To investigate the interactions between the PD risk genes identified in this study and the known PD causative genes, we explored the protein-protein interaction (PPI) network for these proteins abundance (from pQTLs) was associated with PD risk in MR analysis (p-value passed the Bonferroni correction) and published PD known causative/risk genes (Supplementary Table 11)5, which was investigated by using the Search Tool for the Retrieval of Interacting Genes (STRING) database version 11.5 (https://string-db.org/)72. Moreover, to explore whether the PD-causal genes were enriched in certain pathways, we performed pathway enrichment of the suggestive PD causal proteins (p < 0.05) with the Metascape online software73. In addition, to investigate whether interactions exist between these identified risk genes and current PD therapeutic targets, we obtained 18 available PD medications from a previous review74 and corresponding drug targets based on the Drugbank database (https://www.drugbank.ca) (Supplementary Table 12)75. Moreover, we also explored the cell-type-specific expression of the causal genes in the brain. The cell-type-specific expression profile of the causal genes in the brain was downloaded from the human single-cell RNA-seq data from the cell types database (https://portal.brain-map.org/atlases-and-data/rnaseq). Cell-type expression specificity (CELLEX), a tool for computing cell-type expression specificity (ES) profiles, was applied to capture multiple aspects of ES76.

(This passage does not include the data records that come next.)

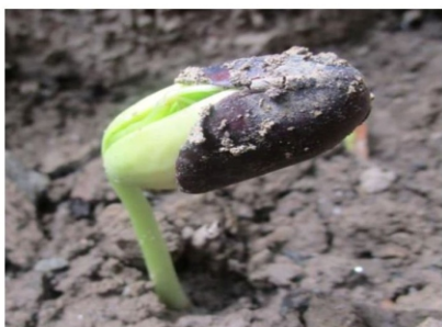
(d) Penetrance of radical in soil.
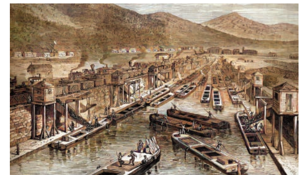
This image shows the coal transportation depot on the Schuylkill Canal in Port Carbon.
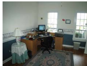
Downstairs Bedroom/Office Master with Vaulted Ceiling
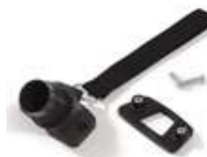
Air Inlet Kit NV3-729
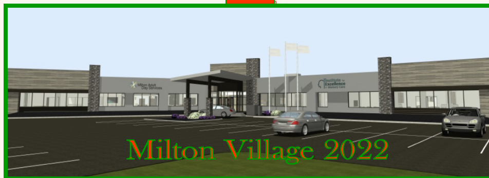
Milton Village 2022
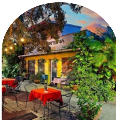
PIA'S TRATTORIA AUTHENTIC ITALIAN
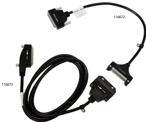
MAGNETIC BREAKAWAY "PIGTAIL" SOLUTION
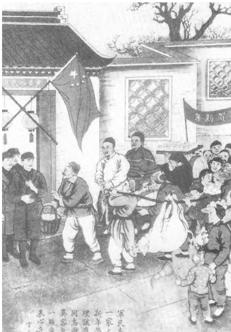
A Chinese poster published in 1950. It is showing happy relations between peasants and the People's Liberation Army.

15 Study the picture, and then answer the questions which follow.
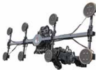
The new Dingli vacuum lifting head

Chinese aerial lift manufacturer Dingli has launched a new 1,500kg vacuum glass lifting head and conversion for its 86ft/26 metre BT2615ERTGS all-electric boom. The vacuum head is made up of eight autonomous vacuum pads which do not require tubes from a central pump. The modular design is based on a product the company launched in 2020 which has been extended from 500kg to 1,200kg and now 1,500kg.
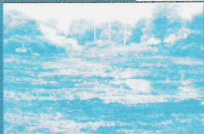
Degraded wetland. Shallow, stagnant ponds harbor many mosquitoes.
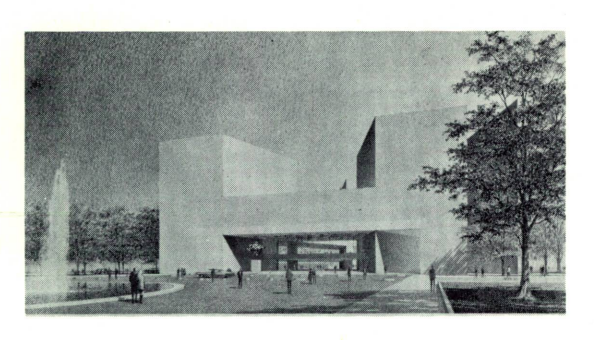
Rendering of East Building - view of west façade
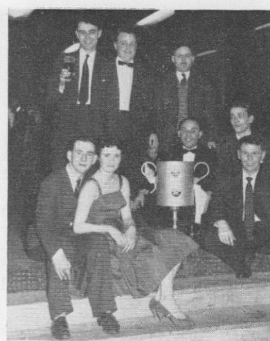
The winners of the "Simonds Stakes" at the Newport Branch Dance.

Recently the team entered two rallies, the first of which was held at Huntley & Palmer's Sports Ground on May 14th. They suc-
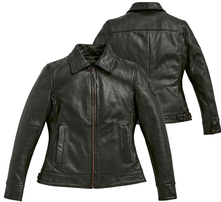
Engineer leather jacket, men
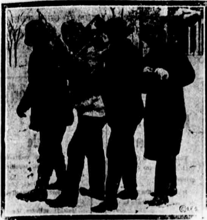
Chicago streets were piled so high with snow after the big storm that even the women were called out to help clean sidewalks and crossings. This photograph shows four of them, dressed in the clothing of their husbands or brothers, with their shov-
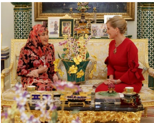
Her Royal Highness Sophie, Countess of Wessex, the spouse of His Royal Highness the Earl of Wessex on October 6.
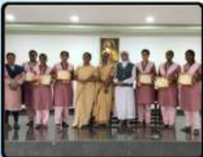
THROWBALL - 1 st PRIZE
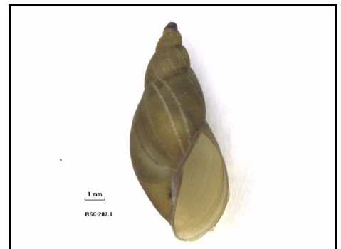
Flat-whorled Pondsnaail.

More information about this project can be found in “Building a DNA barcode reference library” in GLC Newsletter Fall 2017 (PDF, 4MB) . •
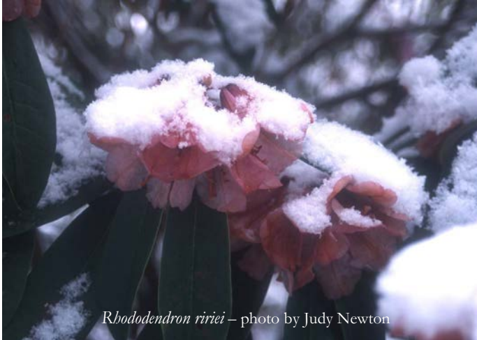
Rhododendron ririei

Until they were nearly lost under a considerable blanket of snow the other day, the “great bell” rhododendrons, R. ririei , were a major talking point amongst visitors and staff at UBC Botanical Garden. Relatively little known both here and abroad, R. ririei is a robust species, growing tall and handsome with large, glossy foliage, much like its relatives in subsection Argyrophylla .

Safety evaluation of the potential therapeutic targets by phenome-wide MR

As our previous study77, in order to assess the potential side effects of therapeutic targets, we utilized therapeutic target gene expression in the brain as the exposure factor and summary statistics of diseases in the UK Biobank cohort (n ≤ 408 961) as the outcomes for conducting phenome-wide MR. Disease GWASs from the UK Biobank were conducted using the Scalable and Accurate Implementation of Generalised Mixed Model (SAIGE V.0.29) approach in order to account for imbalanced case/control ratios78. Given the statistical power limitations, we selected 782 non-Parkinson’s disease traits (diseases) with over 500 cases for phenome-MR analyses (Supplementary Table 13). The summary statistics of disease-associated SNPs were obtained from the SAIGE GWAS (https://www.leelabsg.org/resources). More detailed information can be found in the publication78. Causal effects are considered statistically significant when p < 0.05/782 (after applying Bonferroni correction).

Reporting Summary

Further information on research design is available in the Nature Research Reporting Summary linked to this article.